Footloose | Screen | Pittsburgh | Pittsburgh City Paper

Footloose

Teen-agers fight for the right to dance in this head-scratching remake

On its release, I found 1984's Footloose perplexing -- you can outlaw dancing? -- but this remake from Craig Brewer will really challenge what you know of the world and how kids (and adults) act in 2011. Suffice it to say, there is still a town in these here United States where dancing among high school students is a very, very serious criminal act. Until, of course, the free-thinking kid from Boston shows up, declaring his wildness by blasting Quiet Riot from a beat-up VW Bug (isn't this the reverse of cool?). The Bad Boy from Beantown (Kenny Wormald) hooks up with the preacher's daughter, a wild child who really just wants to be good. (What she needs is a good waltz.) Together, they fight for their right to dance.

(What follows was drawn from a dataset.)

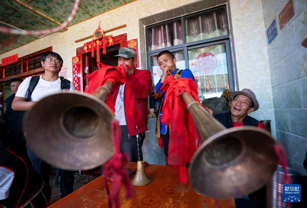 2月7日,樂手在南澗縣寶華鎮擁政村一農戶家的婚禮跳菜上吹奏樂器。新華社記者 陳欣波 攝

It's a sing-along morality play about how adolescence is fraught with sexuality and challenging authority. But to follow any of that, you have to pretend there is someplace where teens cheerfully booze, screw and wreck school buses for fun, but must dance in secret. (The cool kids have a boxcar hideaway filled with cassette tapes.) 

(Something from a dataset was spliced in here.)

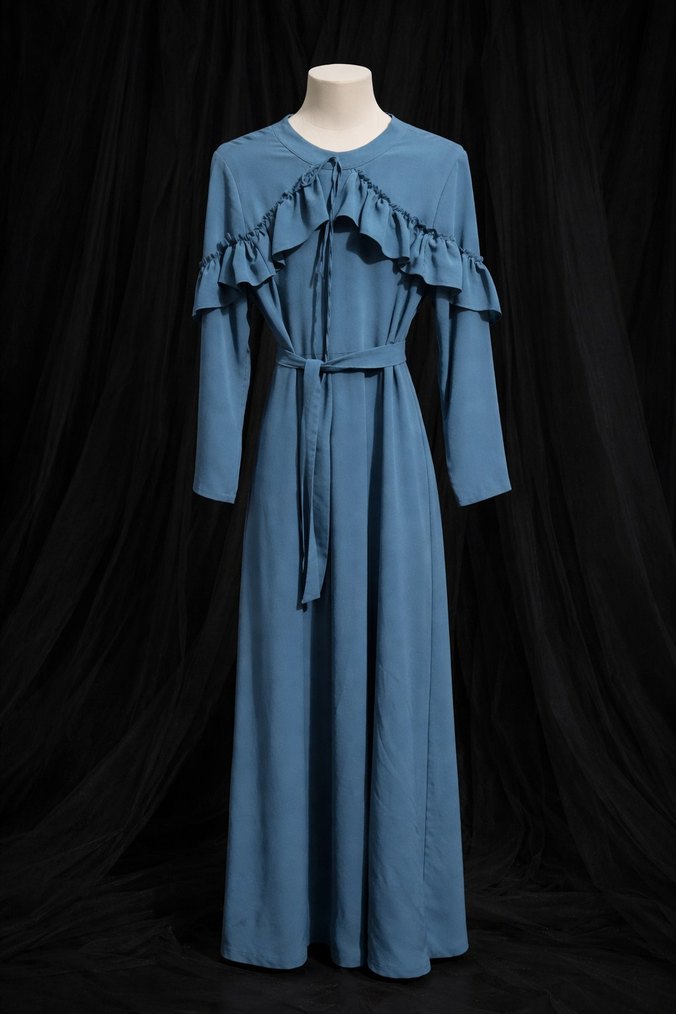 Fırfırlı Mavi Uzun Elbise

Still, I suppose people aren't coming out for the plot, but rather to see attractive kids dance up a storm. So we get a hip-hop grind session at the drive-in; some pre-school girls swiveling their hips to "Let's Hear It For the Boy"; a shit-howdy trip to the big city for some country line-dancing (!!!); and Wormald's big solo blowout. The Yankee boy simply tears up a cotton gin, with a routine that is equal parts Rocky training montage, Billy Elliott and Jersey Shore beat-up-the-beat session. Footloose is head-scratching cheesiness, but apparently there's no holding back the dancing fools. Starts Fri., Oct. 14.